Au nord de la mosquée Zitouna, qu'il longe en partie, s'ouvre le souk El Attarine (parfums) construit au début du XVIIIe siècle. Il surprend par ses échoppes regorgeant de fioles contenant une grande diversité d'essences et de parfums. À partir de ce souk, une rue mène vers le souk Ech-Chaouachine (chéchias) dont la corporation, celles des chaouachis, est l'une des plus anciennes du pays. Ce sont en général des descendants d'émigrés andalous chassés d'Espagne. Sur le souk El Attarine s'ouvrent deux autres souks : le premier, qui longe la façade occidentale de la mosquée Zitouna, est le souk El Kmach (étoffes) et le second, le souk El Birka, datant du XVIIe siècle, abrite les brodeurs mais surtout les bijoutiers. C'est pourquoi, il s'agit du seul souk dont les portes sont encore fermées et gardées pendant la nuit. En son milieu, on remarque une place carrée où se trouvait l'ancien marché aux esclaves jusqu'au milieu du XIXe siècle. Le souk El Birka débouche sur le souk El Leffa, où l'on vend toutes sortes de tapis, de couvertures et autres tissages, et se prolonge par le souk Es Sarragine (selliers), édifié au début du XVIIIe siècle, qui est spécialisé en maroquinerie.

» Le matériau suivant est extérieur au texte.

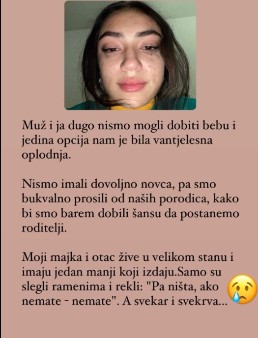 Nismo imali dovoljno novca, pa smo bukvalno prosili od naših porodica, kako bi smo barem dobili šansu da postanemo roditelji. Moji majka i otac žive u velikom stanu i imaju jedan manji koji izdaju.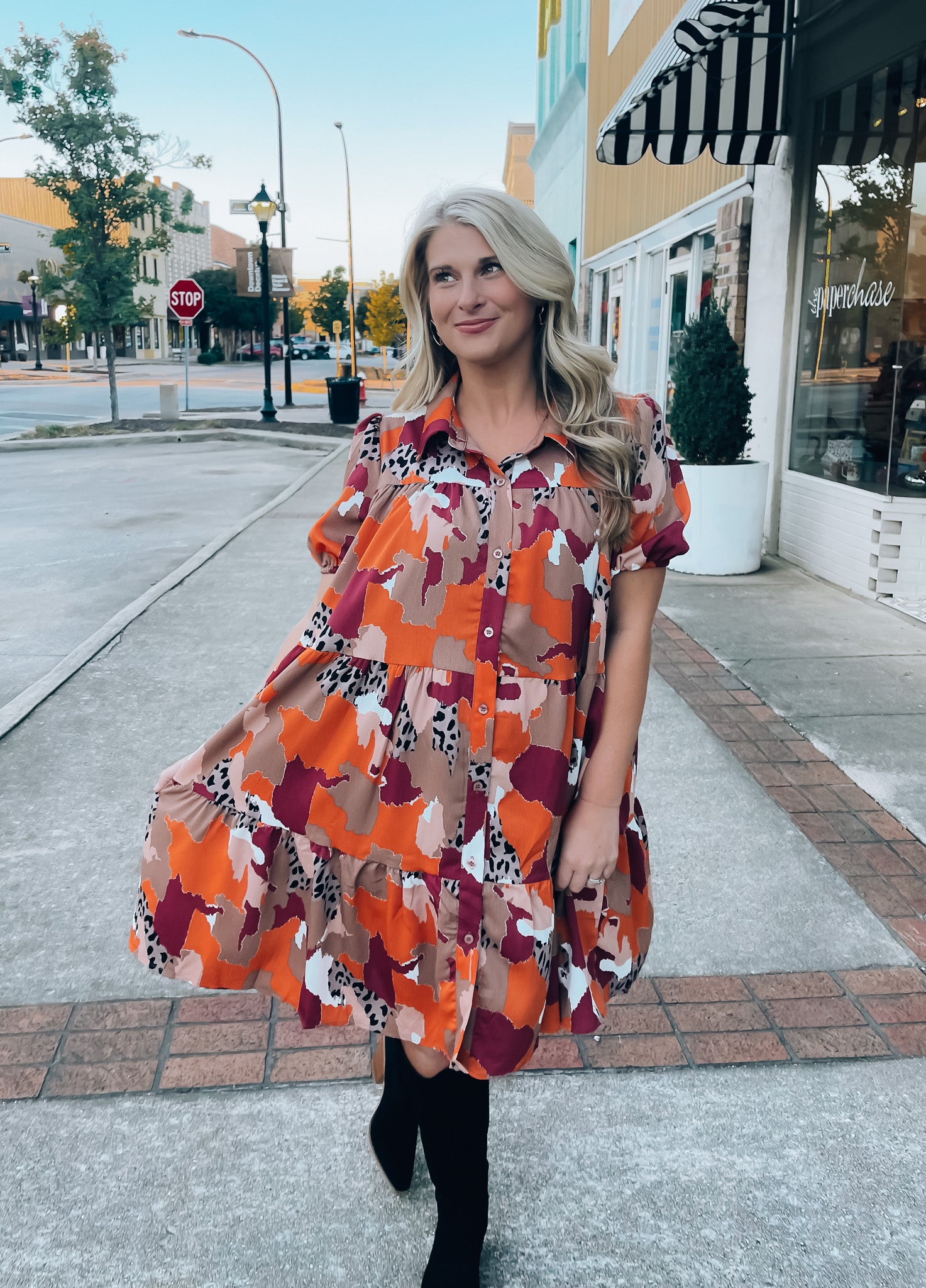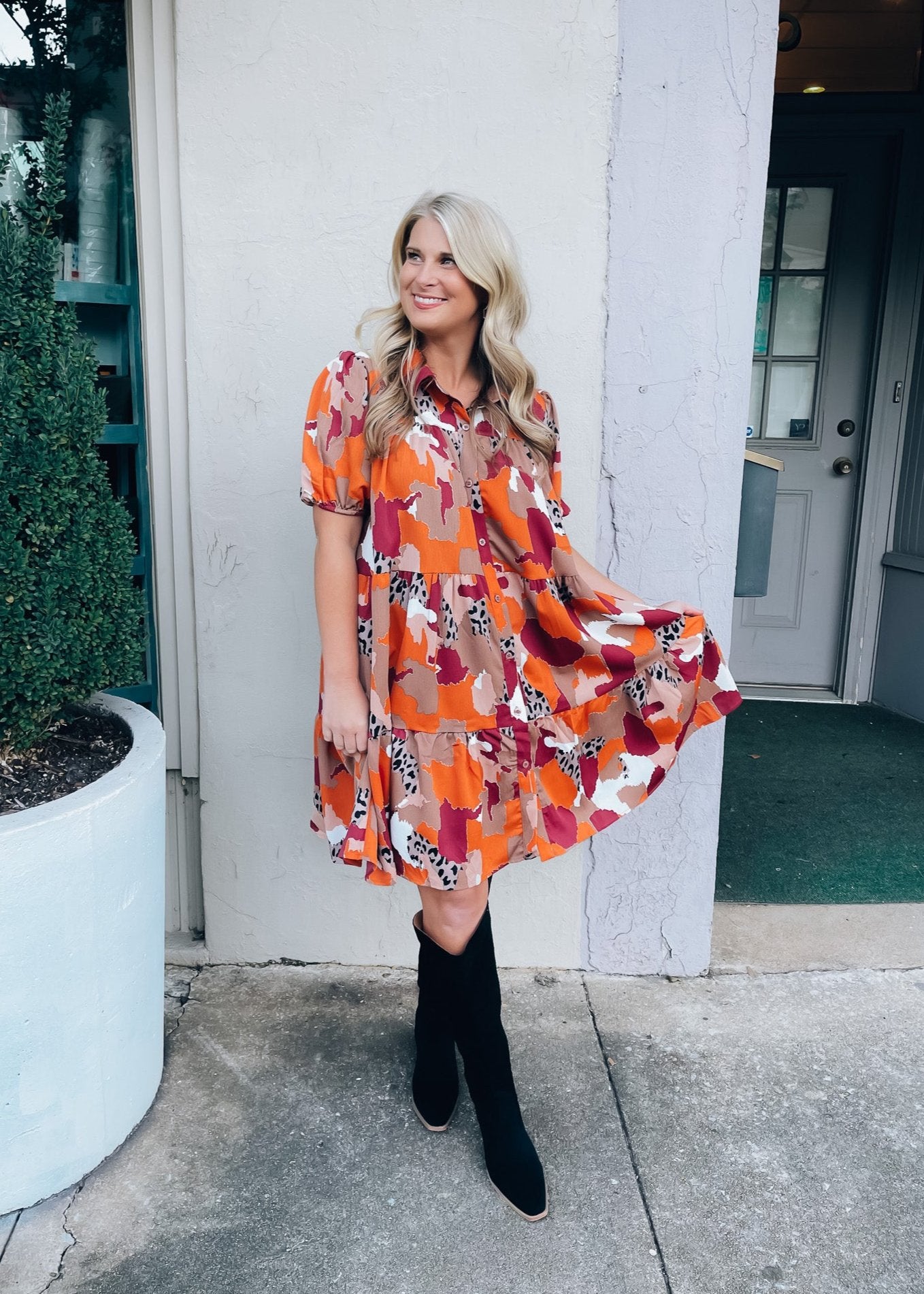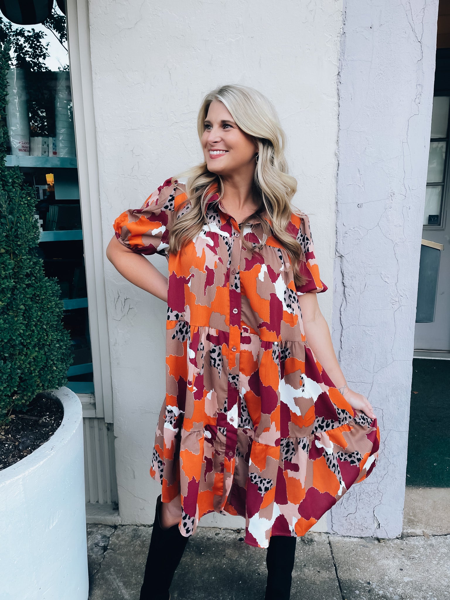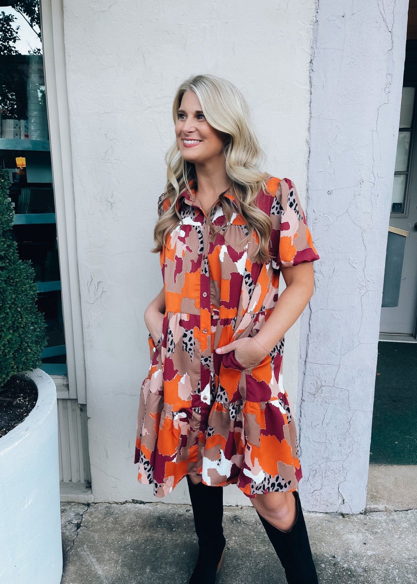 Unleash the inner fashionista in you with our Here To Stay Dress! Featuring a vibrant orange, brown, maroon, white, and black pattern, this dress is perfect for any occasion. The collared neckline and tiered design add a touch of elegance while the puffed sleeves add a playful twist. And with the added convenience of buttons, this dress is here to stay as a staple in your wardrobe! Did we mention this cutie has pockets and completely layered??!

À la périphérie, on trouve les souks Et Trouk, El Blat, El Blaghgia, El Kébabgia, En Nhas (cuivre), Es Sabbaghine (teinturiers) et El Grana où l'on vend des vêtements et des couvertures et qui était occupé par les Juifs livournais.
Dès les premiers temps de sa fondation, Tunis est considérée comme une importante base militaire. Le géographe El Yacoubi affirme qu'au début du IXe siècle « Tunis était entourée d'un mur de briques et d'argile sauf du côté de la mer où il était de pierre. » Souvent endommagée voire totalement détruite au cours du Moyen Âge, l'enceinte conserva toujours son tracé d'origine. Elle était parsemée de différentes portes.
Bab El Jazira, sans doute la plus ancienne porte de la muraille méridionale, ouvrait sur les routes du sud et de Kairouan. Bab Carthagena donnait accès à Carthage d'où étaient ramenés les matériaux de construction nécessaires à la ville. Bab Souika (d'abord appelée Bab El Saqqayin) avait le rôle stratégique de garder les routes vers Bizerte, Béja et Le Kef. Bab Menara (d'abord appelée Bab El Artha) ouvrait la médina vers le faubourg d'El Haoua. Quant à Bab El Bhar, elle permettait l'accès aux quelques fondouks où vivaient les marchands chrétiens de Tunis.
Au début du règne des Hafsides, deux nouvelles portes sont percées au XIIIe siècle : Bab Bnet et Bab Jedid. Avec le développement de la capitale, deux faubourgs émergent à l'extérieur des remparts : Bab El Jazira (au sud) et Bab Souika (au nord). C'est pourquoi, le souverain hafside Abû Darba Muhammad al-Mustansir al-Lihyânî ordonne, au début du XIVe siècle, la construction d'une seconde enceinte englobant la médina et ses deux faubourgs extérieurs. Elle est dotée de six portes : Bab El Khadra, Bab Saadoun, Bab El Allouj (d'abord appelée Bab Er-Rehiba), Bab Khalid ou Bab Sidi Abdallah Chérif, Bab El Fellah et Bab Alioua. À l'époque ottomane, quatre nouvelles portes sont ouvertes : Bab Laassal, Bab Sidi Abdesselam, Bab El Gorjani et Bab Sidi Kacem.
La ville de Tunis conserve quatre portes : Bab Jedid, Bab Saadoun, Bab El Khadra et Bab El Bhar, qui ouvraient l'ancienne muraille qui a disparu en grande partie.